In the embodiment of the invention, an RRT camera of each model block is constructed according to the orthographic projection matrix and the position of each model block, the RTT camera performs depth rendering and color rendering on the model blocks according to a three-dimensional building scene rendering mechanism to obtain color texture data and depth texture data, DOM data is generated according to the color texture data, and DSM image data is generated according to the depth texture data. In a specific embodiment, both DOM data and DSM data are saved as tif files.

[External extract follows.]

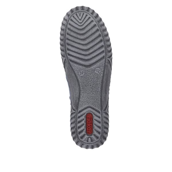 Comfortable and good-looking - it works! These pacific blue slippers by Rieker have been intricately crafted. The shoe can be put on very quickly thanks to the side zipper. The decorative eyelets on the side give the shoe that certain something. Their robust profile sole prevents unwanted slipping and the cover sole is extra soft. Simply top!
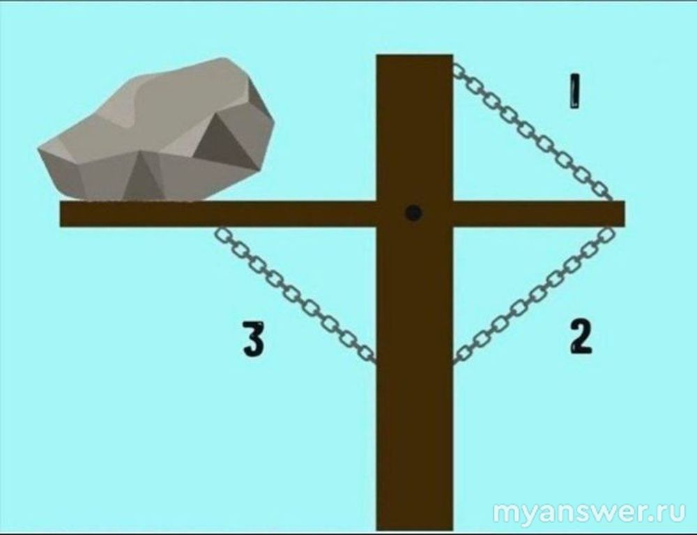 Все зависит оттого, как в середине двух конструкций закреплено и подвижна ли узенькая жердочка. Если неподвижна, то ни одна цепь не удерживает камень. А если она подвижна, то только цепь под номером 2 стоит в противовесе камню.

In the embodiment of the invention, because the small coordinates relative to the center point are stored in the oblique photography, the calculated results are all offset values relative to the center point, and the real coordinate values need to be output when the calculated results are output, the offset values are added on the basis of the calculated results, and the corresponding coordinate system is set, so that the subsequent extraction of building vector boundaries is convenient.

Referring to fig. 4, a flow chart of generating DSM data and DOM data according to an embodiment of the present invention is shown.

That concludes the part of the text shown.